Frequently Asked Questions
What is ETF consolidation and what does it mean for investors?
ETF consolidation is a period of range-bound price action after a directional move, where selling pressure pauses but buying conviction has not arrived with enough force to reverse the trend. It means holding existing positions and monitoring support levels rather than adding aggressively or exiting defensively.
Which ETF performed best in June 2026?
ES3, the Singapore equities ETF, was the top performer in June 2026 with a 3.0% gain, its third consecutive monthly advance and the only ETF in the Phillip Securities review with sustained positive momentum.
Why did BITO drop so much in June 2026?
BITO fell 20.2% in June 2026, extending what was already a second successive month of heavy losses, with Phillip Securities Research projecting the bearish trend to continue into July with a potential downside target of approximately US$7.44 (the August 2024 swing low) and no near-term floor identified.

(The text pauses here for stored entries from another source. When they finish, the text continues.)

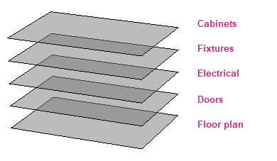 In the following design, the walls, exterior stone facing, doors, fixtures, cabinetry, HVAC, electrical, and text were assigned layers with different colors and linetypes to help differentiate between them. When a drawing becomes visually complex, you can hide the objects that you currently do not need to see with the use of layers. In the illustration below, on the right, the objects that represent doors and electrical wiring were temporarily hidden by turning off their assigned layers.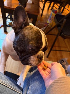 [This review was collected as part of a promotion.] These are more like treats than anything. My pup absolutely loves them. He’s had allergy issues his whole life, super itchy skin, redness, flakiness, paw licking. I really think these help him. At the very least he loves the flavor and munches down on them. The texture is easy enough for my old boy to chew on with the few teeth he has left. They are crumbly and smell like a chicken treat. Love the dosage size. So easy to administer.
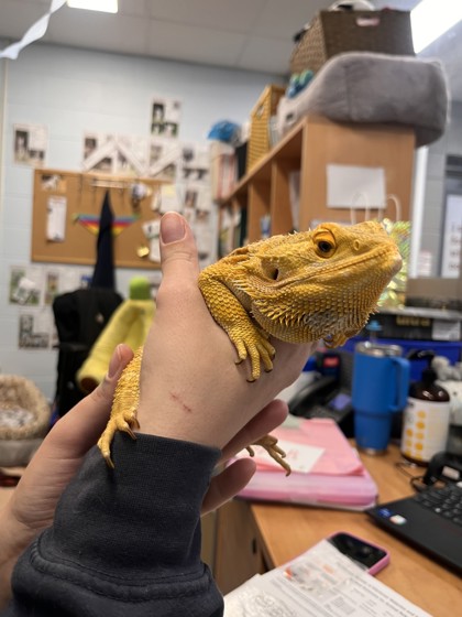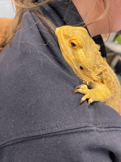 Ringo is a sweet, gentle bearded dragon with a heart as warm as her favorite basking spot. She loves nothing more than relaxing on your lap, soaking up attention and calmly watching the world go by. When she's feeling adventurous, Ringo is happy to tag along on walks, proudly perched on your shoulder like a tiny, scaly sidekick.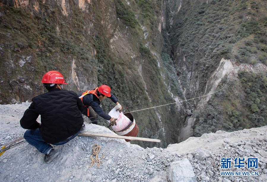 四川路橋的施工人員通過(guò)臨時(shí)搭建的溜索運(yùn)輸施工物資到峽谷對(duì)岸(2019年11月20日攝)。阿布洛哈村通村公路施工遇到陡崖夾溝地勢(shì),項(xiàng)目進(jìn)程艱難緩慢,四川路橋施工隊(duì)伍開(kāi)始在峽谷兩端分頭推進(jìn)。新華社記者江宏景攝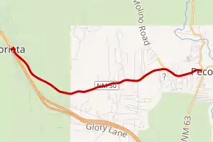 State Road 50 (NM 50) is a state highway in the US state of New Mexico. Its total length is approximately 6 miles (9.7 km). NM 50's western terminus is in the village of Glorieta at Interstate 25 (I-25), U.S. Route 84 (US 84) and US 85 and the eastern terminus is in the village of Pecos at NM 63 and NM 223.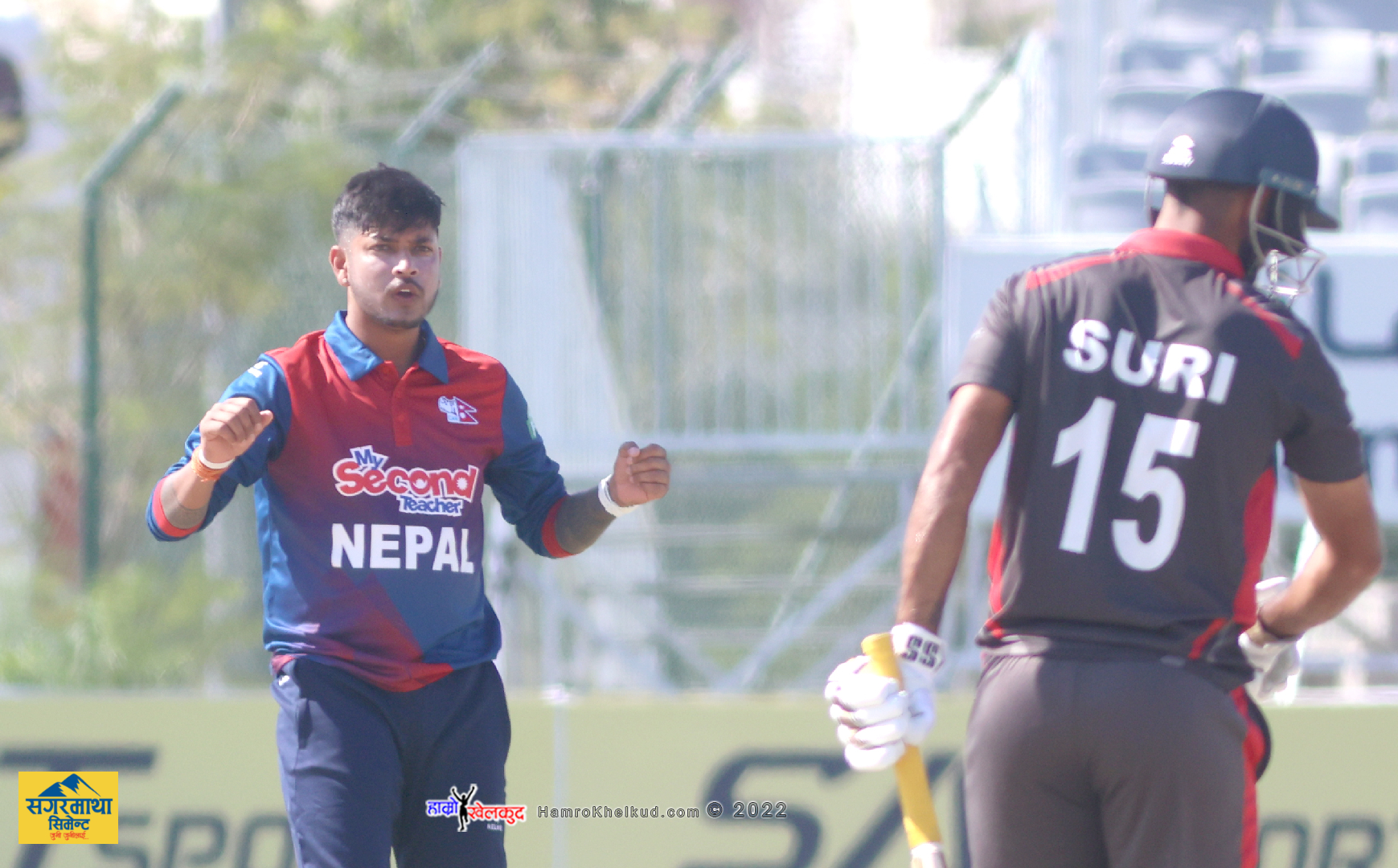 ओमानको मस्कटमा रहेको अल अमरेत क्रिकेट मैदानमा टस जितेर नेपालले युएईलाई पहिला ब्याटिङको निम्तो दिएको थियो । युएईले निर्धारित २० ओभरमा ३ विकेट गुमाउँदै १ सय ९२ रन बनाएको थियो । युएईका ओपनर चिराग सुरीले ५३ बलमा ५ चौका र ५ छक्कासहित ८४ रनको अविजित इनिङ खेले । रोहन मुस्तफाले ३५ बलमा ५ चौका र २ छक्कासहित ४९ रन बनाए । नेपालका सन्दीप लामिछाने, साहब आलम र आरिफ शेखले १–१ विकेट लिए ।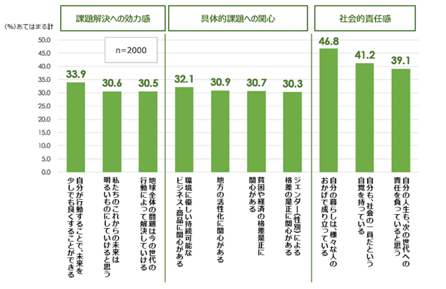 - ソーシャル・エンゲージメントは、「課題解決への効力感」「具体的課題への関心」「社会的責任感」の高さを、以下の項目で聴取。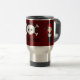 Customisable Goth Girls Rock! travel mug with cute Goth girl cartoon characters with long red hair & headphones holding skulls. A skull with headphones in the centre of the mug. Dark red background with a black border. Funky skull font. A fun & original gift for music loving goth girls.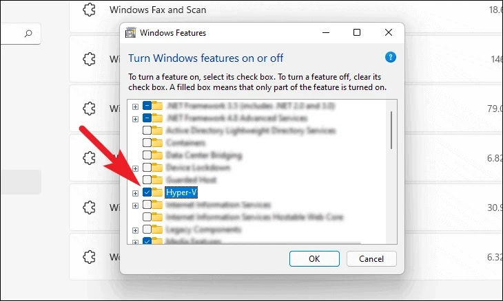 Step 5: Ensure that the 'Hyper-V' option is also checked to enable virtualization features fully.

What support levels should ETF investors watch in July 2026?
The key support levels to monitor are US$93.40 for IEF, US$77.50 for GLDM, US$148-US$154 for XOP, and HKD$74.65-HKD$77.10 for 2828; a break below any of these levels signals the consolidation thesis has failed and the downtrend is likely to extend.
How did gold ETFs perform in the first half of 2026?
GLDM, the gold ETF, fell 11.6% in June 2026, marking its fourth consecutive monthly decline and bringing prices down to the October 2025 swing low of US$77.50, the level that separates continued consolidation from a fresh leg lower.